In an article Wulff wrote about 30 years ago describing it he named the cast the Constant Oval.Since he gave it a name it would seem in reading the article that he developed it as well not for weighted flies but for the short rods of 6- 7' rods he preferred using even for his beloved Atlantic Salmon on his theory that shorter rods were actually better fish fighting tools.Since you say it didn't originate with him do you know who it did originate with and when?

 

Ron,

I'm sorry, I don't recall but I can try to find out.
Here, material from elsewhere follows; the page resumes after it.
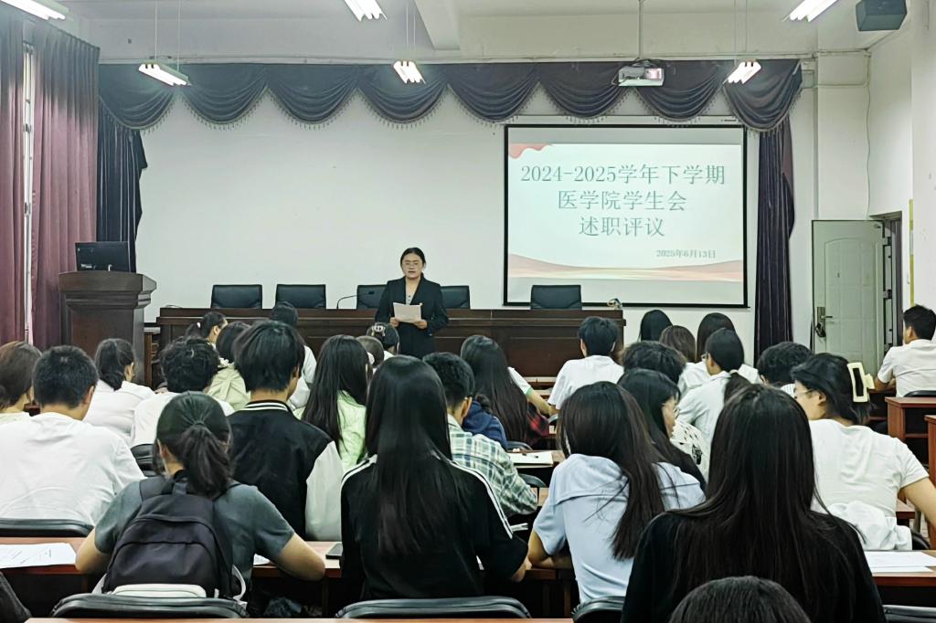 为总结工作经验、提升服务效能,昆明学院医学院学生会于2025年6月13日在医学楼-2103教室举行学生干部述职评议会。医学院团委书记胡梦蝶老师、学生会主席团成员、各部门负责人及学生代表参加会议。

I do know with certainty that it came from Europe because when I was doing research for my FFF certification, that specific question came up and I waas informed multiple times that fly fishing also exists outside of the good ole/ USA and many take credit for things attributable ot othe very proficient anglers outside of the USA. This was one specific example given to me where a technique used elsewhere was learned and brought over to the USA and proliferated along with the assumption that the proponent of the technique had in fact come up with it. He may have discovered it and, I don't want to take anything away from a great flyfisher, but let's give him the proper credit of recognizing a good technique and espousing it instead if develong or inventing it!

 

I'll look for you on who came up with it and let you know if I find out. It may be though that some non-famous and possibly unknown angler saw a need, developed a technique, used it and it developed a following.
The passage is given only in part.